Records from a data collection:
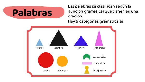 Las palabras se clasifican según la función gramatical que tienen en una oración. Hay 9 categorias gramaticales
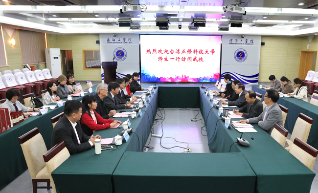 11月2日上午,台湾正修科技大学生活创意学院院长许清云、招生处处长莊文典、国际事务处副处长柯武德及学员一行访问足球装备推荐。副校长舒小平在战狼pc预测议中心东海厅接待了来宾,艺术学院、体育学院、港澳台办公室相关人员陪同参加战狼pc预测见。
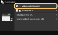 Pärast paberi vaikeseadete salvestamist ei kuvata paberi asetamisel paberi määramise kuva ja alati kasutatakse sama seadet. Kui asetate seadmesse muus formaadis või muud tüüpi paberi paberiseadeid muutmata, ei pruugi seade õigesti printida. Selle probleemi vältimiseks valige 3. juhises <Määram. paberi laadimisel> ja seejärel sisestage paber. |
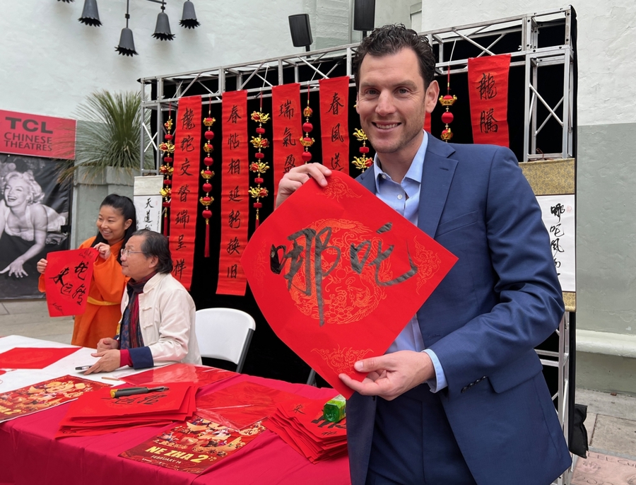 在与洛杉矶首映礼同时举办的“欢乐春节集市”上,前来观影的好莱坞电影演员杰西•莫拉莱斯(Jesse Morales)拿着写有“哪吒”的书法作品拍照留念。
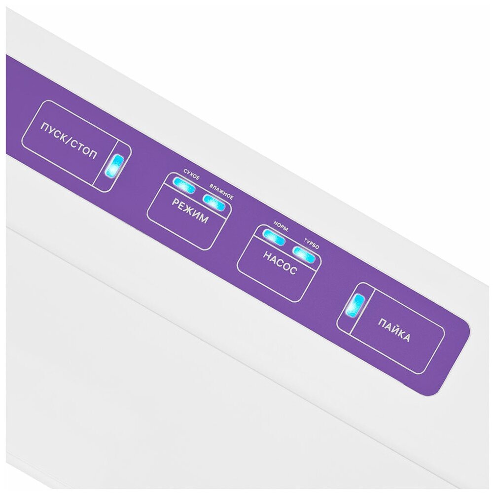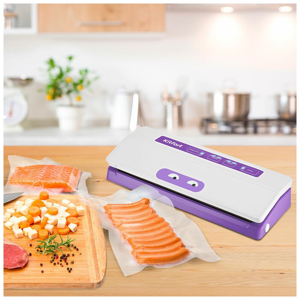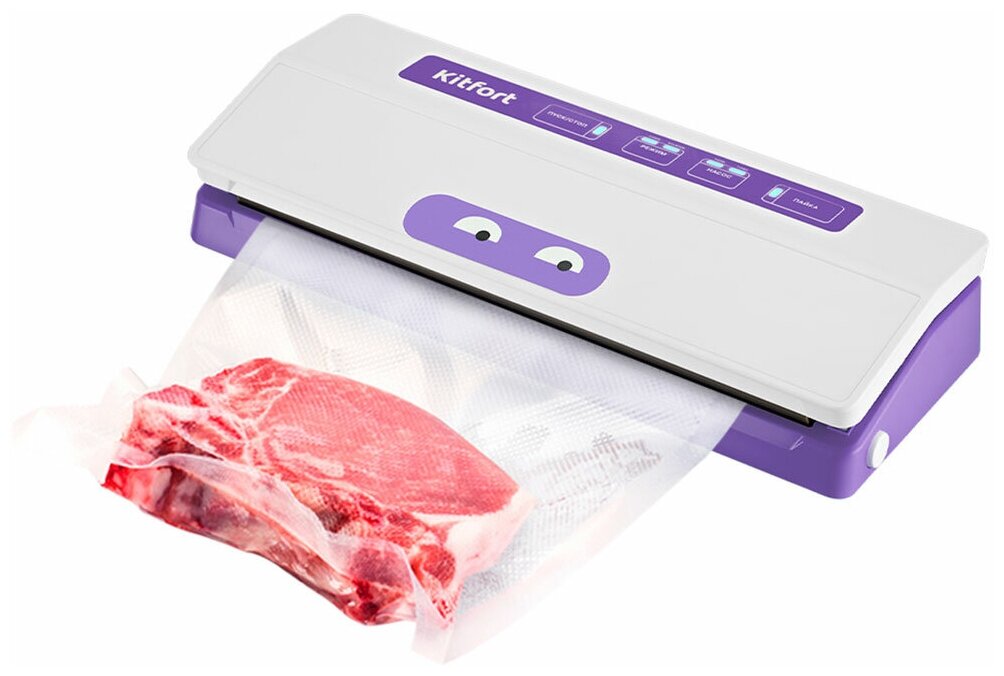 В KT-1523 есть режимы для вакуумирования сухих, влажных или мягких продуктов. Прорезиненные ножки делают устройство более устойчивым и не дают скользить по столу во время работы.
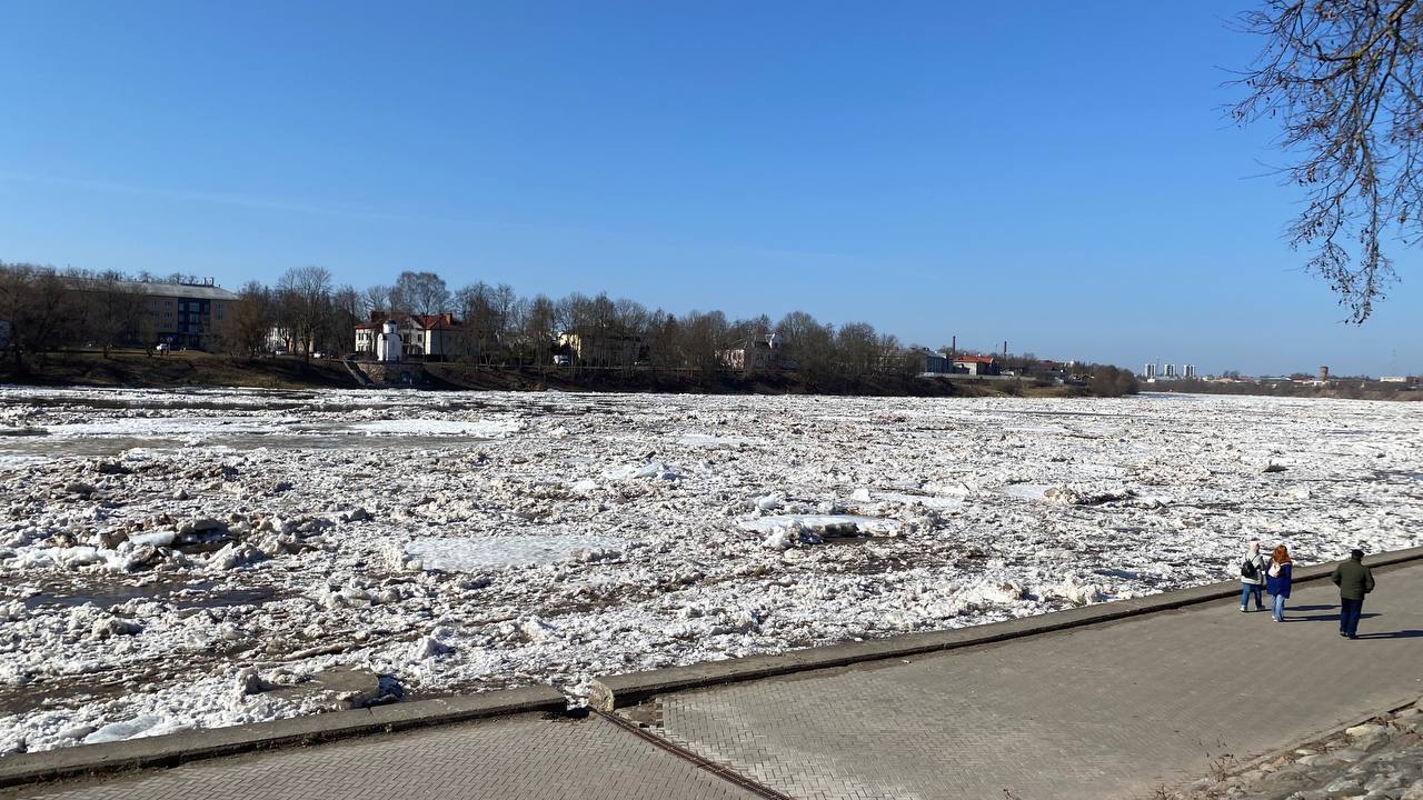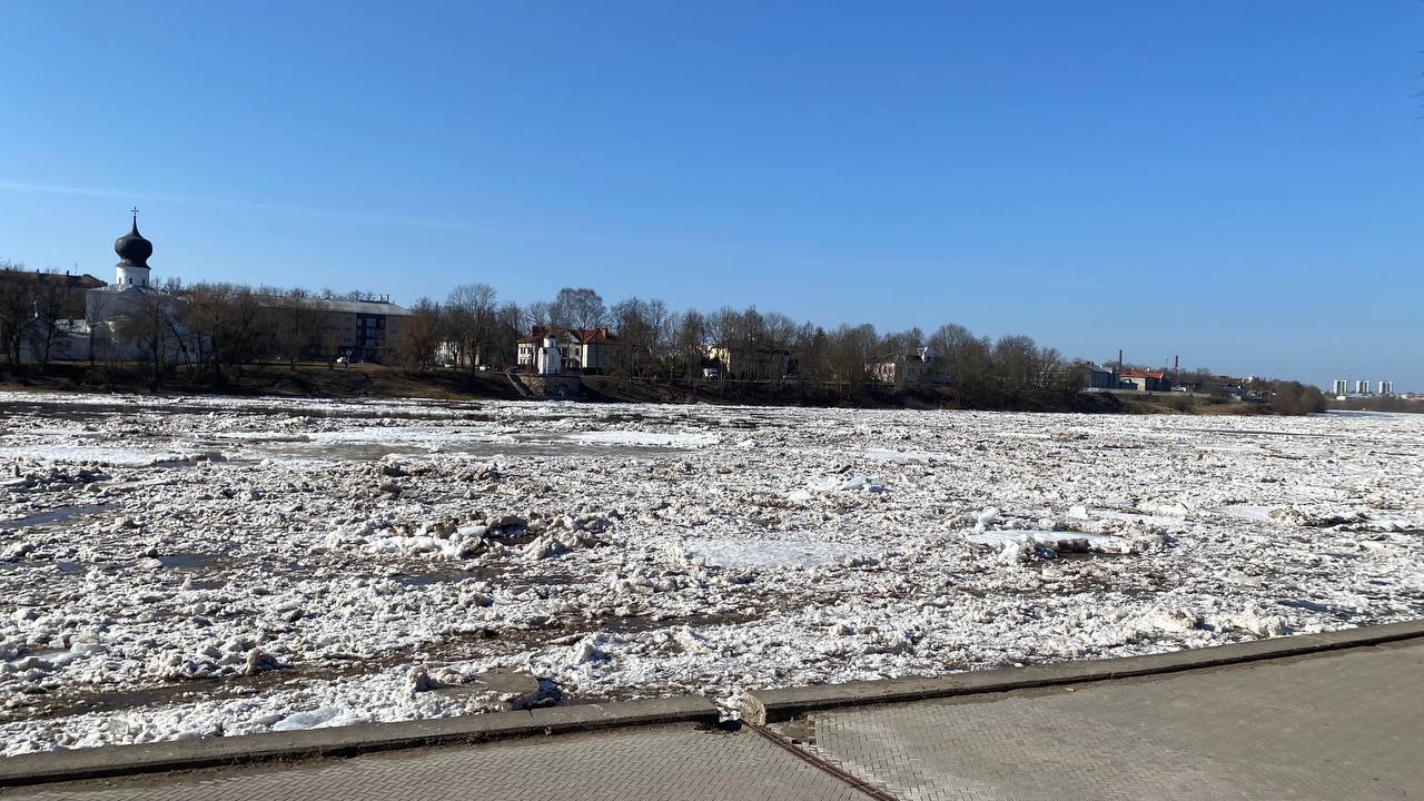 Лёд тронулся на реке Великой в Пскове
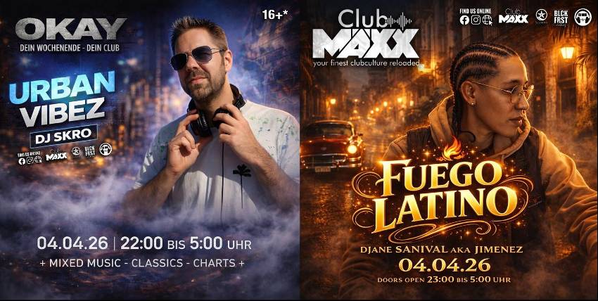 Am 04.04.2026 erwartet euch im OKAY Nightlife Donaueschingen eine Nacht voller Energie, Rhythmus und Partyfeeling!

→ TASK INSTRUCTIONS
What the answer needs is every line from the one with "Лёд тронулся на реке Великой в Пскове" through the last line of the data, reproduced word for word and with pictures omitted.

→ EXERCISE SOLUTION
 Лёд тронулся на реке Великой в Пскове
 Am 04.04.2026 erwartet euch im OKAY Nightlife Donaueschingen eine Nacht voller Energie, Rhythmus und Partyfeeling!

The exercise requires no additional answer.